Thank you for the input Niko. I cant speak for Eheim's wet/dry filter design as I have never seen one. I believe the plastic is polystyrene. Your other choice would be polypropylene like the Rena filters but that wont last as long as polystyrene. Compared to other canister filters like Rena, Fluval and Marineland I felt the Eheim ProII was a better design and better built. Do I think they are worth the price? NO WAY! But either are the other similar filters. I did get 10 years out of my 2028 and I know what I need to replace to fix my issue. A 25 cent o-ring on the flow meter tube. I got a back-up on sale at FosterSmith and when my original finally dies I'll have an inexpensive replacement.

When we finally move into our new home (in the future) I'd like to PM you on your thoughts on proper filtration for my future 8 ft 300 gal. tank.


----------



## niko (Jan 28, 2004)

Newt, you have followed the threads on the DFWAPC forum concerning filtration. It's really simple, at least it appears so:

- *Optimal volume of the filter:* 10% of the tank volume.

- *Media:* Must not clog easily; Must allow flow without blocking it (should not be too fine); Lava Rock is best/cheapest. Do not use mechanical filtration - it clogs easily and in a balanced system as a planted tank it is not needed (no big chunks of waste floating around).

- *Flow rate:* Aim for 8-10x the tank volume per hour. Every single canister filter model on the market can be equipped with a much more powerful pump. But surely you can't hook up a powerful pump to a tiny canister.

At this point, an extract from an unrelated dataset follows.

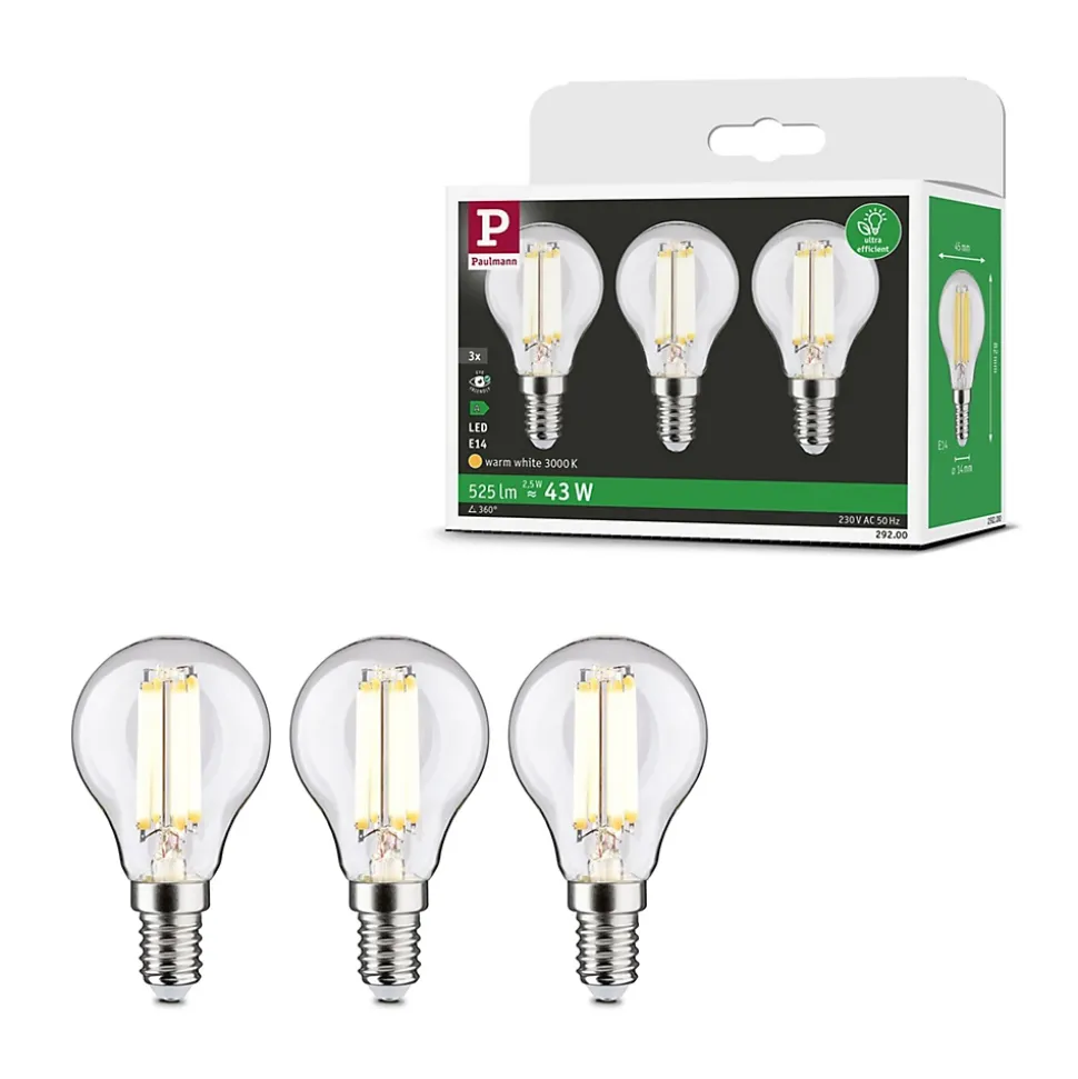 Les ampoules ultra efficaces de l’Eco-Line combinent innovation et durabilité. Grâce à une consommation d’énergie réduite de 60 % et à une durée de vie résolument plus longue que celle des ampoules LED standard, il est possible de réduire considérablement les coûts énergétiques tout en préservant l’environnement. Les sphériques à filament claires avec 3000 K, une puissance de 3×2,5 W et 3×525 lm diffusent un éclairage uniforme agréable sans teinte verdâtre. Les ampoules sont compatibles avec les douilles E14 conventionnelles. Grâce à leur forme compacte, les ampoules sphériques sont idéales pour les petits luminaires. Le pack multiple a cela de pratique qu’il permet d’équiper directement plusieurs luminaires pour illuminer une pièce entière.

There is a formula to figure the pump that can be attached to certain size housing. Ask me if you need to.

- *Flow rate reduction:* The media should not clog easily. In case it does the pump needs to be able to "pull" water through the clogged media without reducing the flow rate until you clean the filter. That means one thing - you need a pressure rated pump (Iwaki, Pan World, Blue Line).

- *Flow pattern:* The water should move from the intake, through the tank, and into the intake. No additional means to stir the water, powerheads, pumps etc. shooting against or cutting across the main flow.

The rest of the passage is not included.